Thinking Outside the Box

That ability…thinking outside of the box…is a learned skill. True, some people seem to do it with ease. Others need to be taught and the skill honed. It is not limited to artists, musicians, and actors. Taking an art class doesn’t mean your life’s ambition is to be an artist. Art education merely provides the rounding out of the curriculum. When you consider the old-school left brain (math, science, etc.), right brain (arts, music) thing, our schools are severely imbalanced with curricula weighing almost entirely on the left brain side of the scale. The brain, as you know, is divided into two hemispheres…the left and the right. The whole left brain, right brain thinking was debunked a long time ago. It was thought that all things logical and analytical, like math and science happened on the left hemisphere. And creativity and spatial analysis happened on the right. Therefore, doctors and lawyers were said to be left brain dominant and artists and musicians, right brain dominant.

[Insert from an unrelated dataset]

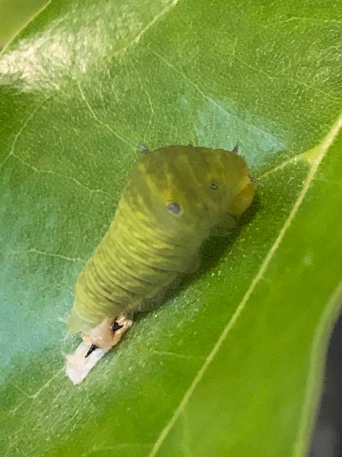 前回の日誌 に書いた貴重なアオスジアゲハの卵2つと幼虫1匹。

The truth is, the two hemispheres work independently of each other AND in concert with each other. So then a person with an aptitude for numbers and science isn’t because they’re left-brained. It simply happens to be their preference or they have a natural aptitude for it. Still, there is something to be said for rounding out the curriculum. If we then only feed math and science to the brain but neglect the arts, then we are essentially handicapping the brain as a whole. Since the both halves do work together as well as independently, what happens when the brain has been given an incomplete education or skill set that it needs? Quite simply, it has no frame of reference for when there is an “unsolvable” problem. It would be lacking the brain’s ability to think creatively, to come up with solutions that might otherwise be completely unorthodox for the analytical brain. And in fact, some studies have shown that the brain’s function increases with certain creative training, such as music.

“Can You Imagine?”

Not to mention that art and culture go hand in hand. When you visit another country, you often notice the differences between their culture and your own by their art. And I’m not just referring to what you see in museums. Architecture, signage, ruins, sculpture, fashion…there are plenty of art and artifacts that are particular to certain cultures. I like how my favorite science guy, Neil Degrasse Tyson puts it in this NatGeo video…and I’m paraphrasing…”Can you imagine if they decided to cut the arts during the height of the Renaissance?”

art education

Neil Degrasse Tyson

So with all of that being said, I have to completely disagree when school boards decide to cut art education. It certainly hasn’t been proven to enhance the subjects that remain. Schools are still run down. There still aren’t enough books to go around. And there are still too many students per classroom and test scores are at an all-time low. If you ask me, I think the cut should come from the board itself and their six-figure salaries. Seriously?? But that’s a whole other blog topic!